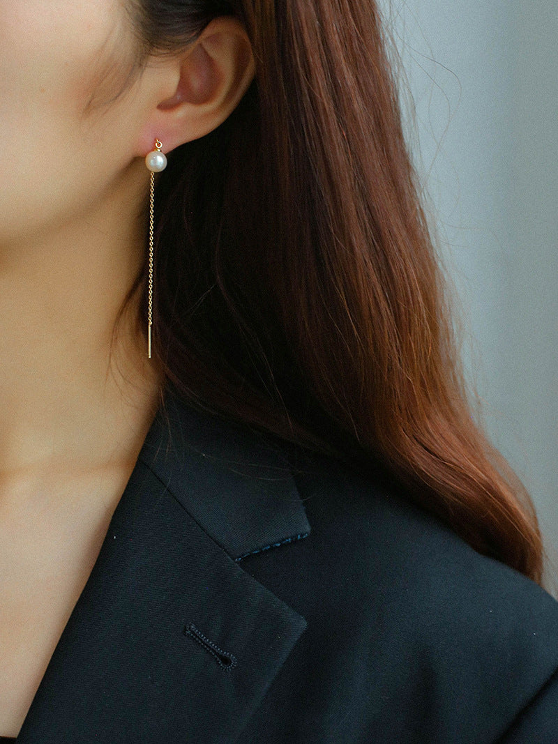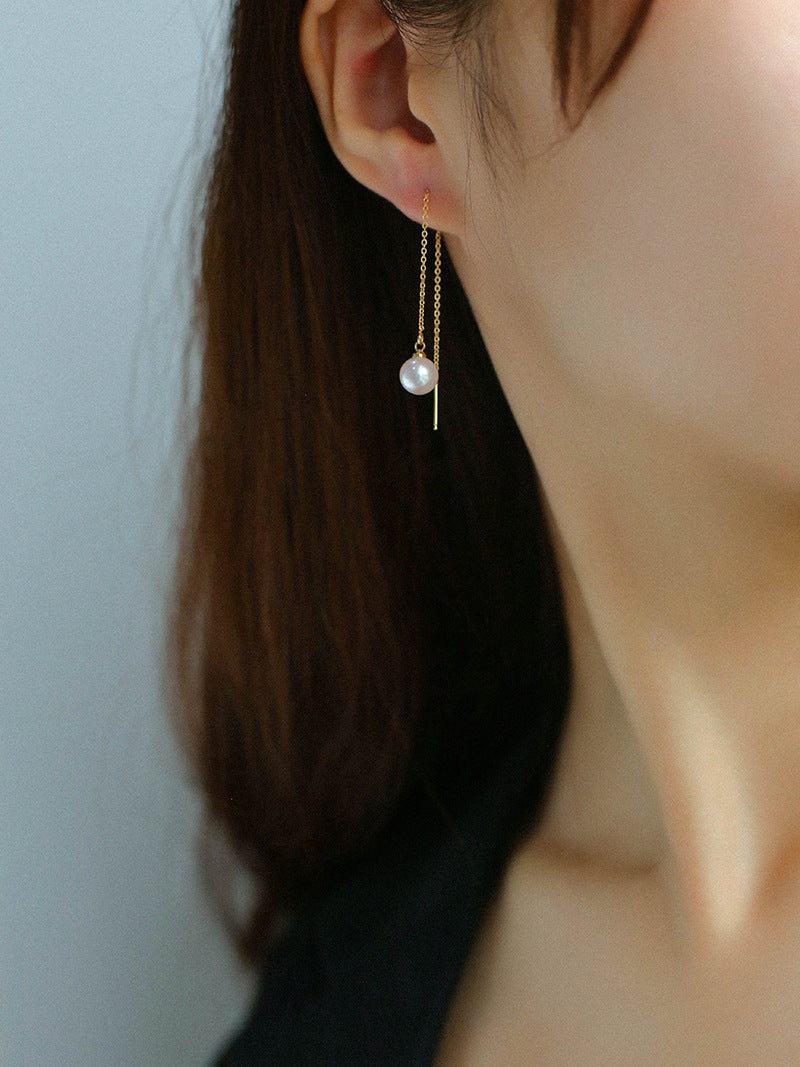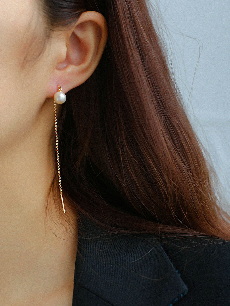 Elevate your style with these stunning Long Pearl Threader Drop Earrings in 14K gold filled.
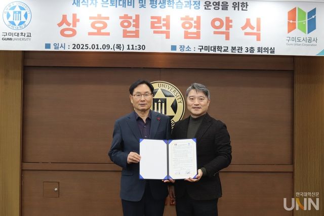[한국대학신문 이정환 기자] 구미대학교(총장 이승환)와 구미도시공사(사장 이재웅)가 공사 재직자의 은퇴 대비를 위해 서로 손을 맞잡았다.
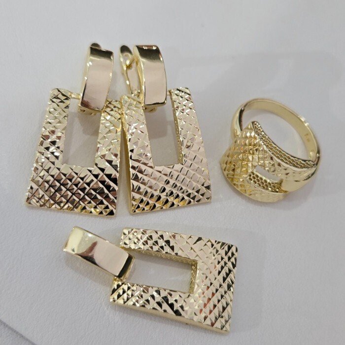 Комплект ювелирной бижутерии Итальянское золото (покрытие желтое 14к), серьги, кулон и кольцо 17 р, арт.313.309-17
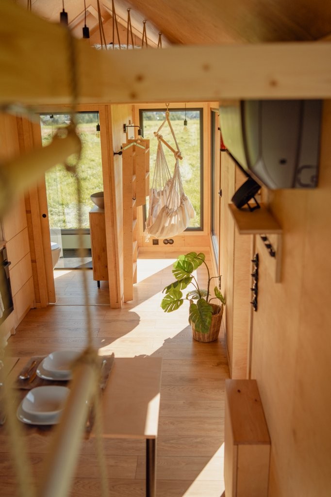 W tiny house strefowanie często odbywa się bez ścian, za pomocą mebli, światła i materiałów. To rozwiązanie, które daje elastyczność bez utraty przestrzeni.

## Problem details
Line by line, reproduce the material above exactly, leaving each picture out.

## Solution to this problem
 Elevate your style with these stunning Long Pearl Threader Drop Earrings in 14K gold filled.
[한국대학신문 이정환 기자] 구미대학교(총장 이승환)와 구미도시공사(사장 이재웅)가 공사 재직자의 은퇴 대비를 위해 서로 손을 맞잡았다.
 Комплект ювелирной бижутерии Итальянское золото (покрытие желтое 14к), серьги, кулон и кольцо 17 р, арт.313.309-17
 W tiny house strefowanie często odbywa się bez ścian, za pomocą mebli, światła i materiałów. To rozwiązanie, które daje elastyczność bez utraty przestrzeni.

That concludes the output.